Behavioral rehearsal is a valuable technique that can assist patients in learning how to effectively cope with day-to-day conflicts and psychosocial issues that arise while working towards their recovery goals. It can be achieved through various methods such as schema mode dialogues (Farrell and Shaw, 2020; Kellogg and Garcia Torres, 2021), imagery exercises, and role plays. Engaging in behavioral rehearsal enables patients to develop and practice new skills, allowing them to navigate new support systems and establish healthy boundaries with previous dysfunctional patterns (Kellogg and Tatarsky, 2012).

In Schema Therapy, the therapist and patient engage in a limited reparenting relationship to facilitate the development of healthier coping responses (Thalmayer and Andreas, 2022).

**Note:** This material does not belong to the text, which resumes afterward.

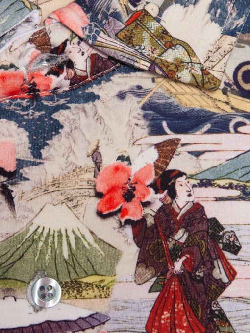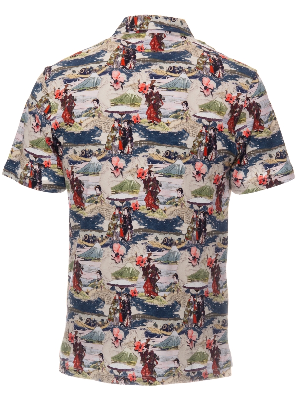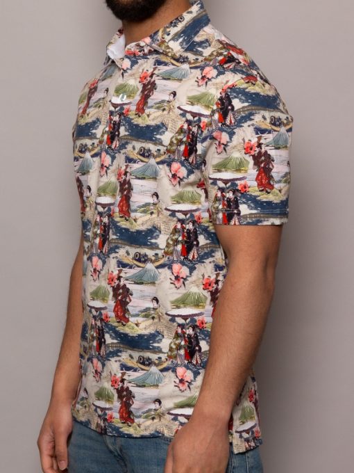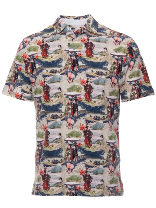 Transport yourself to serenity with this vintage Japanese print polo, featuring soft tones that evoke peaceful landscapes. Crafted from mercerized cotton jersey, it offers a smooth, luxurious feel. The cotton piqué collar adds structure, while the regular fit ensures a refined yet relaxed look. Finished with a two-button placket, it’s a perfect blend of elegance and artistry. A timeless piece for those who appreciate subtle sophistication.
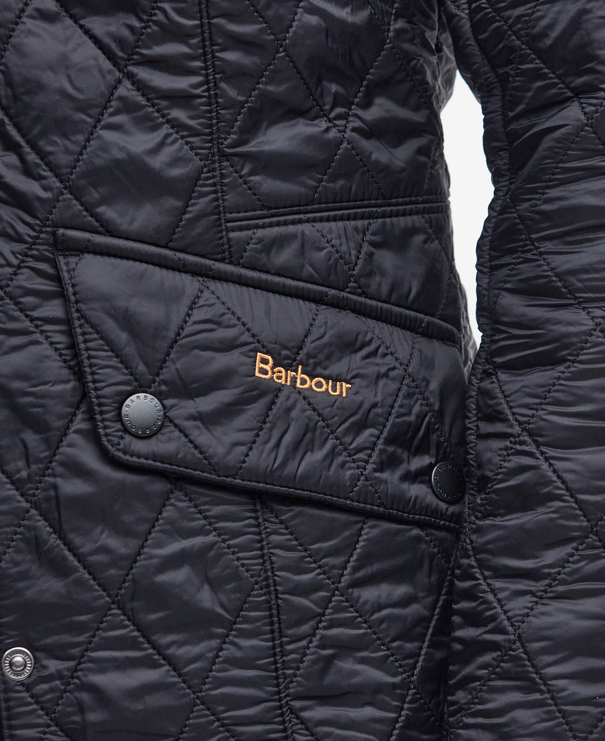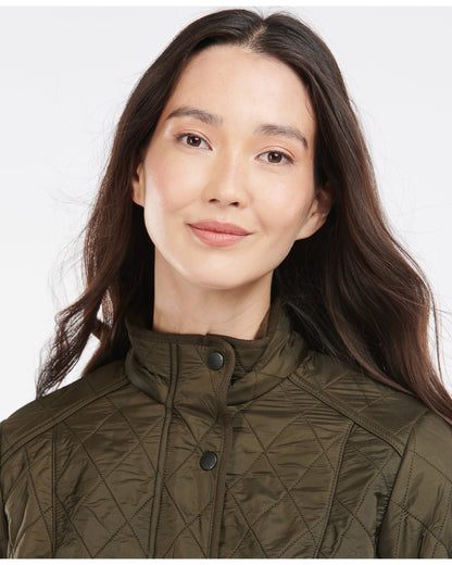 The Barbour Cavalry Polarquilt Jacket takes inspiration from traditional equestrian attire, combining style and practicality. This flattering quilted jacket is fully lined with cosy polar fleece for added warmth. It features a functional elasticated waist panel, shaped hem and rushed back. A sturdy two way zip, stud fastenings and generous front pockets provide the finishing touches to this timeless jacket.

One method used is Schema Flash Cards (SFC), which aim to help patients explore and adopt new behaviors for achieving healthier coping responses or regulating their emotions during the early stages of treatment (Simeone-DiFrancesco et al., 2015). SFCs typically consist of identifying the triggering event with associated negative emotions, the patient’s repeated past behaviors, a reattribution process, and the reinforcement of a healthier adult response (Simeone-DiFrancesco et al., 2015). These flashcards can be provided to the patient in written format or through voice memos from the therapist (Farrell and Shaw, 2020).

Short, simple homework assignments can be used to reinforce treatment goals and help the patient apply concepts from therapy to their daily life (Young et al., 2006; Goslar et al., 2020). These assignments may involve making changes in daily routines, improving sleep habits, completing writing exercises, seeking emotional support, or engaging in behavioral exposure activities to challenge anxiety and other negative emotions (Powers et al., 2010).

Therapeutic interventions that involve behavioral exposure can help patients build resilience and manage difficult emotions (Hayes et al., 2004). These interventions can include gradually exposing patients to anxiety-provoking situations, teaching them coping strategies to tolerate discomfort, and eventually processing traumatic experiences where indicated (Tapia et al., 2018). The ultimate aim is to empower the patient, helping them build resilience and the ability to navigate and cope with challenging emotions and situations (Edwards et al., 2022).

3.7 Emotion-focused interventions

3.7.1 Imagery and imagery rescripting

Imagery and Imagery Rescripting are evidence-based tools that can be used effectively throughout the treatment process (Hagenaars and Arntz, 2011). They can be utilized during assessment to gain a deeper understanding of the patient’s early life experiences, schemas, and mode formation (Young et al., 2006; Arntz, Simpson, 2020). To implement these techniques, the patient is encouraged to visualize images of themselves with caregivers from their early life while describing their feelings, needs, and developmental milestones. If the patient has experienced trauma, it is important to proceed slowly, allowing the patient to have control over the early image and incrementally helping the patient experience negative affect (Arntz and Simpson, 2020). It is recommended to begin and end the session with a soothing place image (Roediger et al., 2018).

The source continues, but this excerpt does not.